Monday 17 September 2012

Clash of the `pink’ flowers


Out of all of the daffodils I love the lemon-yellow, so called `sulphur’ ones, the most. Buying a few in my 20’s means that now I have quite a few clumps here and there. Winter-flowering Narcissi are wonderful too.
Maybe it’s the sunny position – near the dwarf white peach – but lots of so called pink ones are flowering and I’m not sure quite how that happened. White petals (perianth segment to be precise) are centred with a trumpet (corona) of yellow leading to apricot at the mouth. It’s not just that apricot-pink is my least-favourite colour, or that the description that has me bothered (`pink’! - what are you breeders on?); it’s just awkward to use in the garden. Being right next to pink and plum hellebores (below) has brought this difficulty into sharp focus.
(Can I dig up every bulb? And put them where? I really don’t have the space or the inclination for any flowers remotely connected to orange. And I don't wish to give away plants I consider imperfect.)
Blue roses, too, are woefully mis-described. Sky-blue? No, they are a cloudy, dirty, rather pale violet, neither pretty nor unusual in the flower world. Yes, I know they are relatively-blue, as are the accursed relatively-pink Narcissi. And it rather begs the question: who wants a blue rose? Clearly someone out there will buy the newest thing but why?
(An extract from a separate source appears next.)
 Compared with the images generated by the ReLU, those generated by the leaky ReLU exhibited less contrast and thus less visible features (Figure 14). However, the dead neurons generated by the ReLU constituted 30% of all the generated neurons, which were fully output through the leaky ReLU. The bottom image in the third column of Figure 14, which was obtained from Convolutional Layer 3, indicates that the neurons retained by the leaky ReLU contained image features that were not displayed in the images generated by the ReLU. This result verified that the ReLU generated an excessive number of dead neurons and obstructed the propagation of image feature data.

My aunt was fond of green (here we agreed) and apricot (here we did not) but even I was startled when she bought the latest Heuchera with its yellow-brown leaves imitating morbid illness too well. So (I think) I understand the breeders creating new hybrids with Frankenstein glee and dollars sparkling in their eyes; they may be having a lot of fun. Who’s to stop them? I have a suggestion.
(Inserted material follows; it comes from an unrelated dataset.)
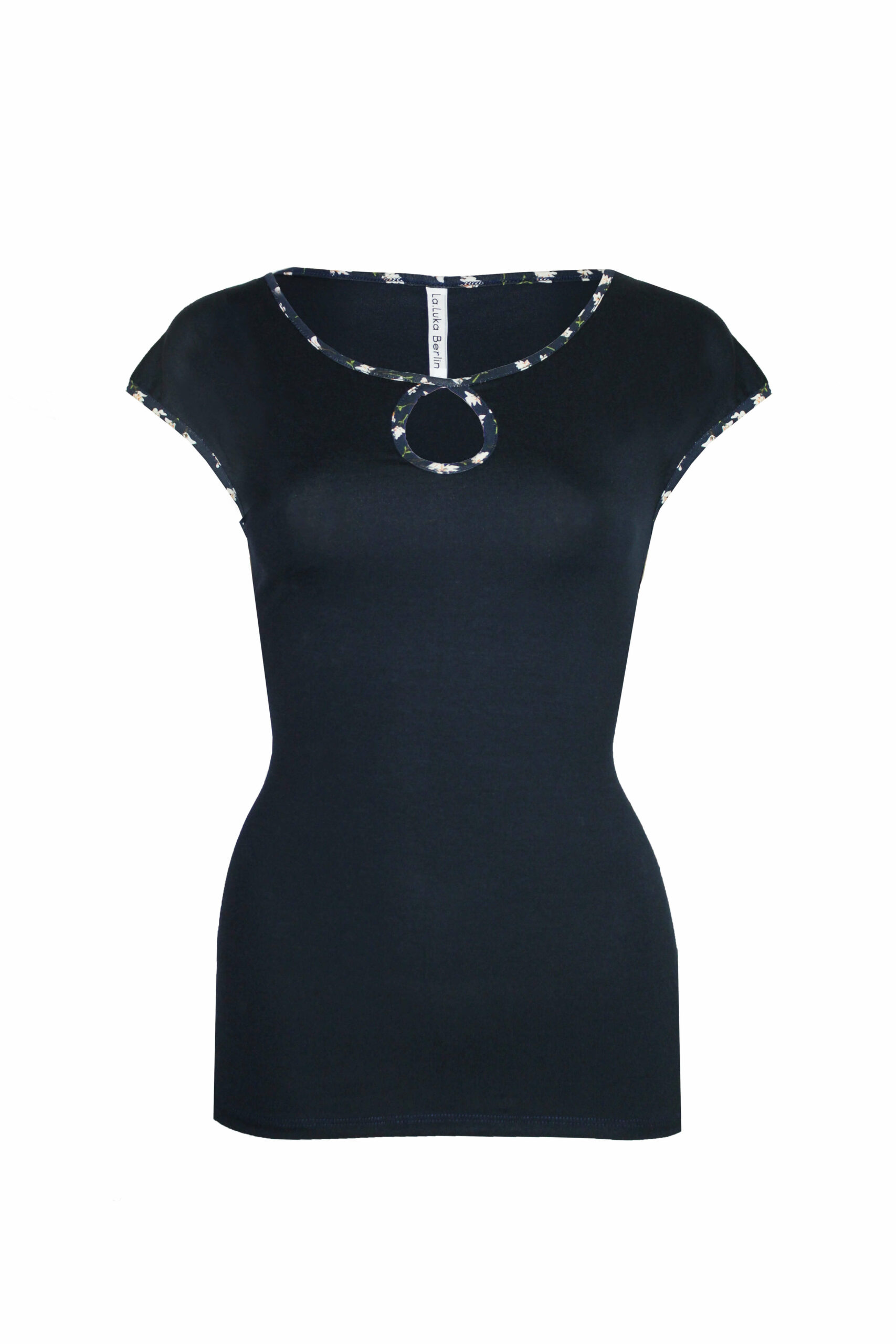 - made in Berlin Ein sommerlicher Shirt aus bequemen Viskosejersey. Das Shirt ist am Ausschnitt abgesetzt mit einem Blumenprint Jersey. Der Schlüsselloch-Ausschnitt sorgt für den Eyecatcher bei diesem Shirt. Passend dazu haben wir einen Jerseyrock mit Blumenprint.

Just as (I recently learned, with a snigger I’m afraid) the fabulous Chelsea Flower Show prohibits garden gnomes (yes really – other far worse atrocities have flown under the radar) so other garden shows could have a taste squad…rather like the upper class True and Prue; what could possibly go wrong?
Taste is incredibly individual and I guess my aunt saw beauty where I could not: lucky her. But shamelessly aiming for big bucks is pretty universal. Self censorship and self regulation do not work. But naming and shaming might work. And please, if you think that interesting new plant might be ugly then it probably is.